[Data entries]
+ + + + + + +
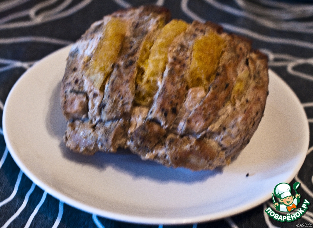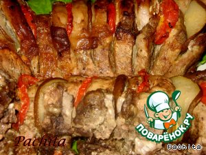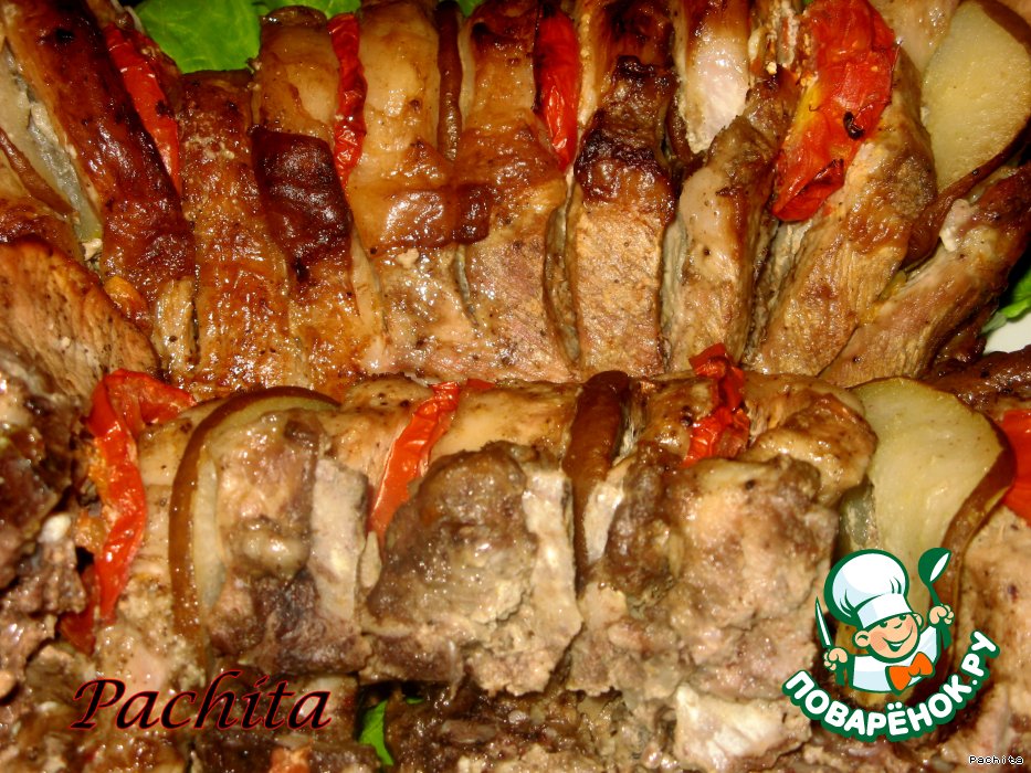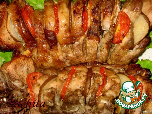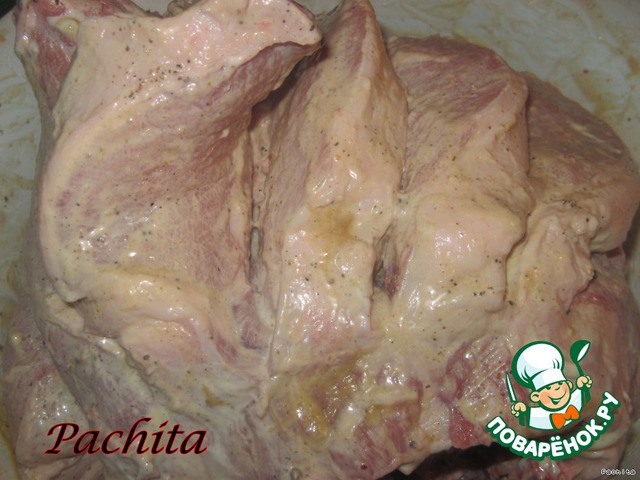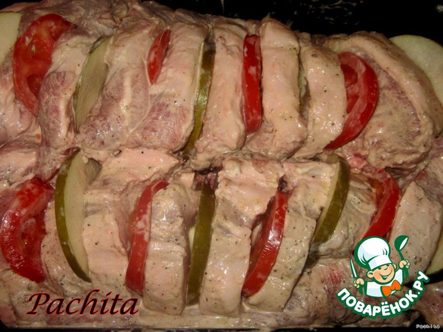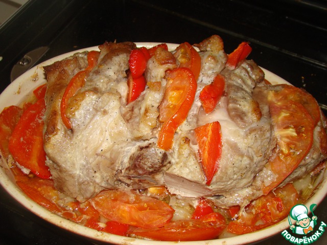 Такое название возникло из за того, что мне нравится, при приготовлении, экспериментировать с этой частью свининки. Мясцо получается всегда превосходным! Тем более маринованное в майонезно-горчичном маринаде, переслоенное грушей, помидорами и чесноком и запечeнное до золотистой корочки.
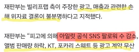 또 판사는 "원고는 뉴진스도 그렇게 보면 TLC, SES 등 다른 비슷한 걸그룹이 많다고 했다. 피고의 행위는 형법상 허위 발언을 유포한 불법 행위라고 했다. 손배소 범위에 대해선 아일릿이 SNS 팔로워 수가 줄었고, 앨범 성적이 하락했고, 광고 계약이 무산됐으며, 모든 걸 감안해 20억 원의 지불을 원했다"고 말했다.
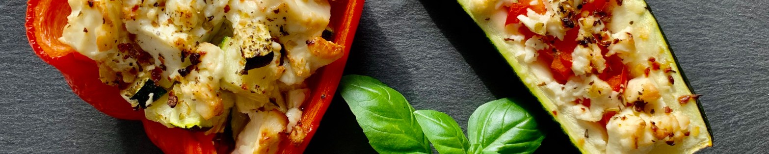 Ajvar ist eine unserer Lieblingssaucen zum Grillen und es passt wunderbar zu überbackenen Gemüse. Zum Beispiel zu gegrillten Paprika und Zucchinischiffchen. Schnell zubereitet, gesund und lecker – das perfekte Abendessen. Für die gefüllten Paprika und Zucchini beide Gemüsesorten halbieren und aushöhlen. Das Innere der Zucchini würfeln und mit Öl und unserem selbst gemachten mediterranen Kräutersalz„Gegrillte Paprika mit Feta und Ajvar“ weiterlesen
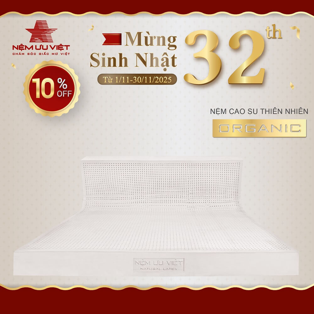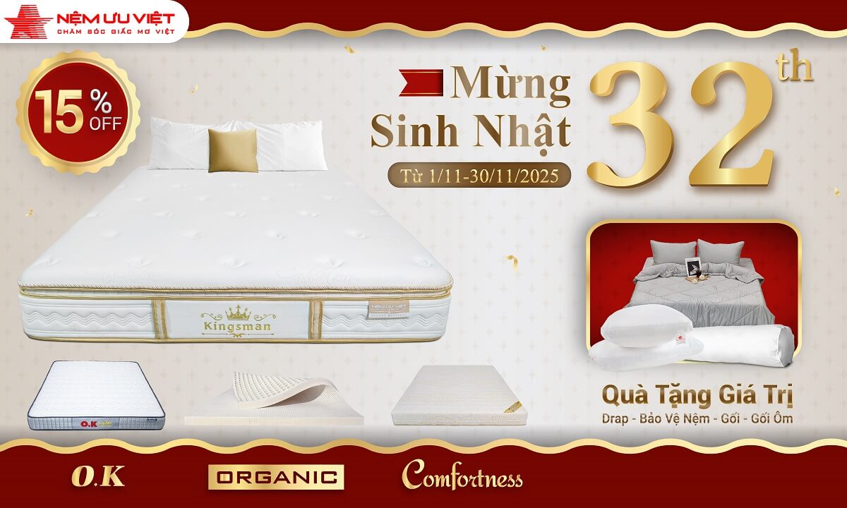 Mừng sinh nhật lần thứ 32, Nệm Ưu Việt gửi đến Quý khách hàng chương trình khuyến mãi hấp dẫn cùng quà tặng giá trị kèm nệm từ ngày 01 đến ngày 30/11/2025.
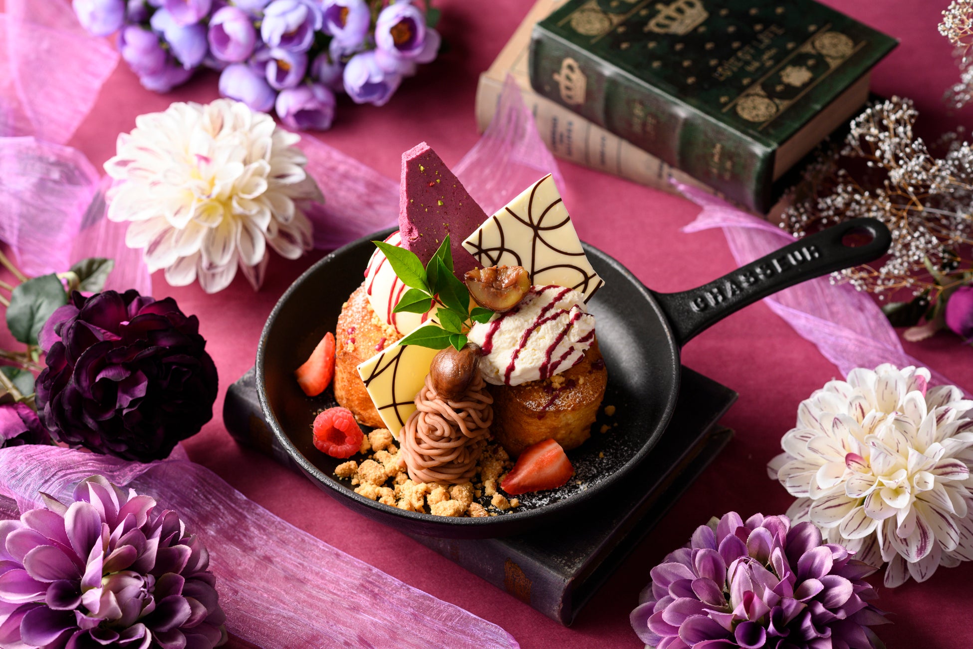 アニヴェルセルカフェの定番商品パンペルデュが秋仕様のバイオレットカラーをまとって新登場。秋の味覚であるマロンやメープル、カシスとあんずが香るクリームが相性抜群。自家製バニラアイスや熱々のパンペルデュと合わせて。
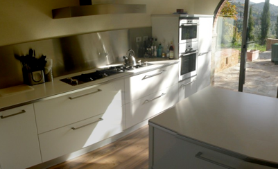 I lavori di ristrutturazione del casale sono stati resi necessari dalla mutata distribuzione dei locali della zona giorno al piano terra e della zona notte al primo piano, collegati da una scala con struttura in metallo di nuova realizzazione. Sono state realizzate sottofondazioni, solai controterra laterocementizi, un garage interrato e la piscina. La cucina è localizzata a piano terra, nei locali precedentemente utilizzati come rimessa. Una scala esterna per collegare i due piani è addossata nel fronte est dell’edificio al caratteristico portico, di cui vengono aperti due archi precedentemente tamponati. La piscina, in posizione più elevata rispetto alla casa lungo il pendio della collina, si affaccia sullo splendido panorama della campagna senese.
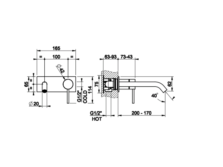 Смеситель для раковины, Gessi, Intreccio, тип открывания воды-однорычажный, тип установки-настенный, высота, мм-114, вынос излива, мм-200, стандарт подвода воды-1/2", внутренняя часть-необходимо заказать, цвет-Copper Brushed PVD Смеситель для раковины, Gessi, Intreccio, цвет-Copper Brushed PVD
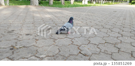 Pigeon with iridescent neck feathers stands on a gray, zigzag-patterned paved path in a park, with green grass and trees in the sunlit background.
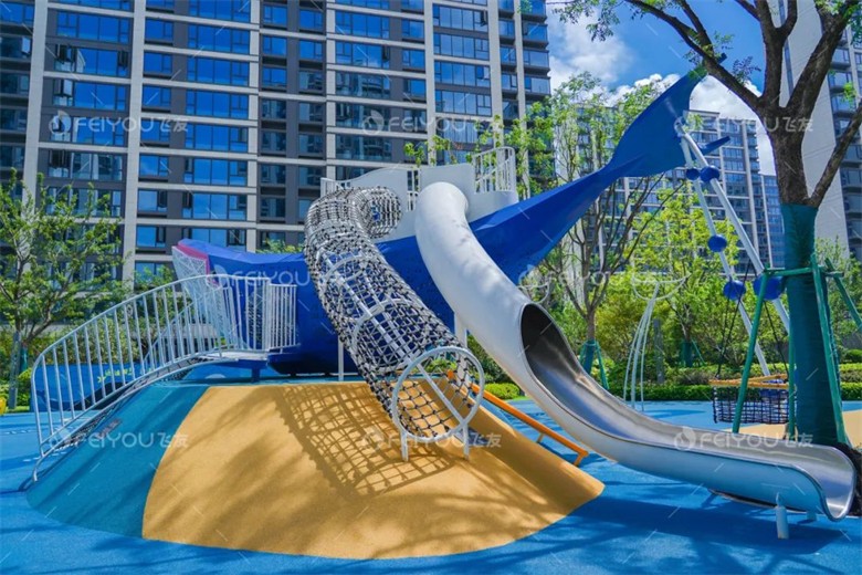 該游樂器械設(shè)計(jì)了不同高度的滑梯。一個(gè)模仿鯨魚的魚鰭,另一個(gè)則從二層平臺(tái)直接延伸至地面,孩子可以通過爬筒輕松到達(dá)二層平臺(tái),滿足了不同兒童的需求。
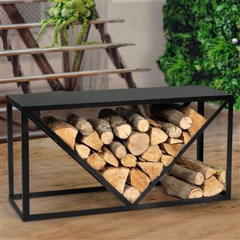 Range Bûches Vertical IDMarket - 112 Cm Hauteur, Acier Noir Avec Plateau 33x33 Cm
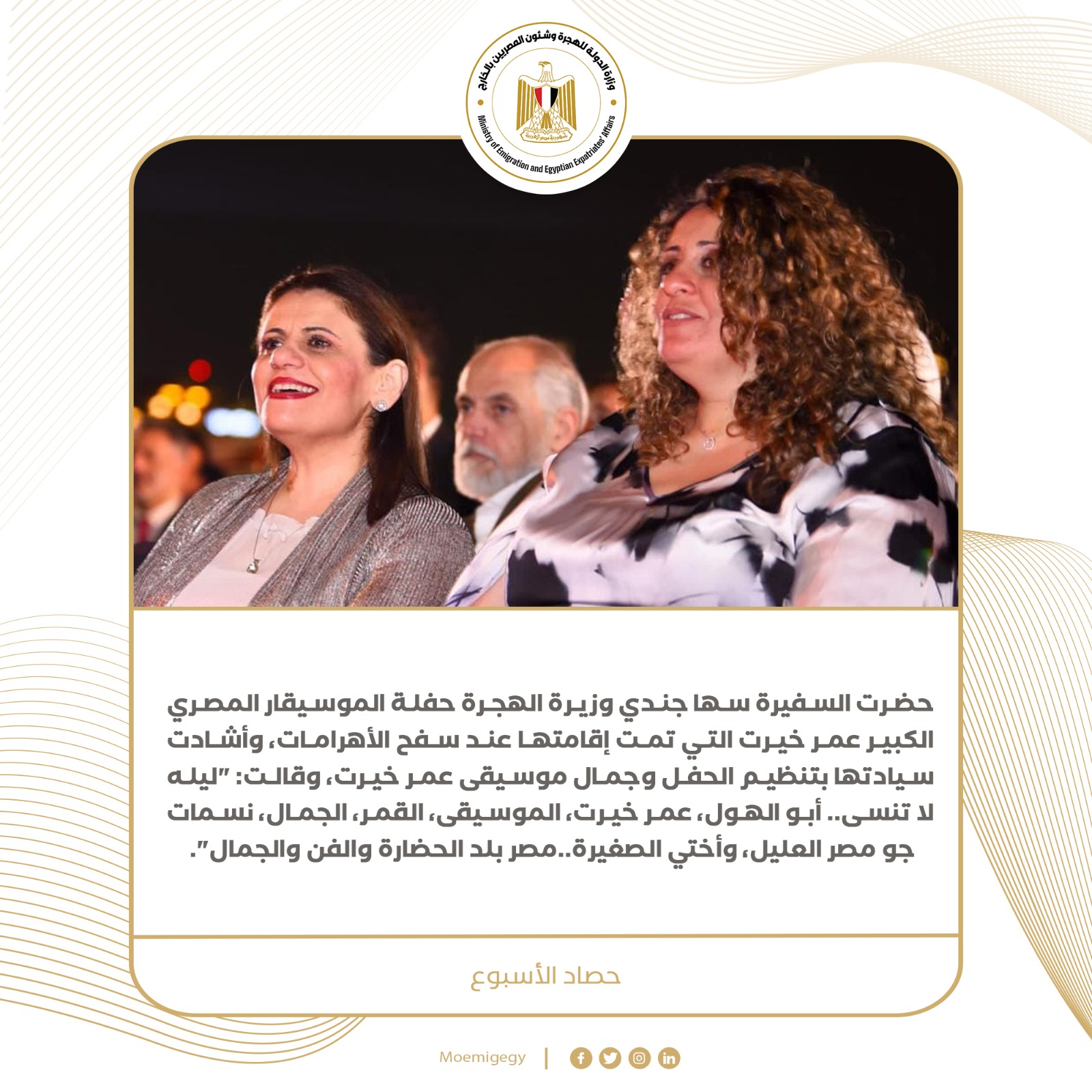 وحضرت السفيرة سها جندي وزيرة الهجرة حفلة الموسيقار المصري الكبير عمر خيرت التي تمت إقامتها عند سفح الأهرامات، وأشادت سيادتها بتنظيم الحفل وجمال موسيقى عمر خيرت، وقالت: "ليله لا تنسى.. أبو الهول، عمر خيرت، الموسيقى، القمر، الجمال، نسمات جو مصر العليل، وأختي الصغيرة..مصر بلد الحضارة والفن والجمال".
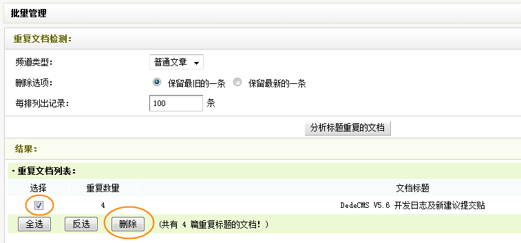 点击按钮“分析标题重复的文档”后,在筛选的结果中勾选需要删除的文档,然后点击删除,即可把重复文档删除。
+ + + + + + +
Print, with pictures removed, exactly the lines of the records above from the top through the line containing "Ajvar ist eine".

◆ ANSWER TO THIS TASK ◆
 Такое название возникло из за того, что мне нравится, при приготовлении, экспериментировать с этой частью свининки. Мясцо получается всегда превосходным! Тем более маринованное в майонезно-горчичном маринаде, переслоенное грушей, помидорами и чесноком и запечeнное до золотистой корочки.
 또 판사는 "원고는 뉴진스도 그렇게 보면 TLC, SES 등 다른 비슷한 걸그룹이 많다고 했다. 피고의 행위는 형법상 허위 발언을 유포한 불법 행위라고 했다. 손배소 범위에 대해선 아일릿이 SNS 팔로워 수가 줄었고, 앨범 성적이 하락했고, 광고 계약이 무산됐으며, 모든 걸 감안해 20억 원의 지불을 원했다"고 말했다.
 Ajvar ist eine unserer Lieblingssaucen zum Grillen und es passt wunderbar zu überbackenen Gemüse. Zum Beispiel zu gegrillten Paprika und Zucchinischiffchen. Schnell zubereitet, gesund und lecker – das perfekte Abendessen. Für die gefüllten Paprika und Zucchini beide Gemüsesorten halbieren und aushöhlen. Das Innere der Zucchini würfeln und mit Öl und unserem selbst gemachten mediterranen Kräutersalz„Gegrillte Paprika mit Feta und Ajvar“ weiterlesen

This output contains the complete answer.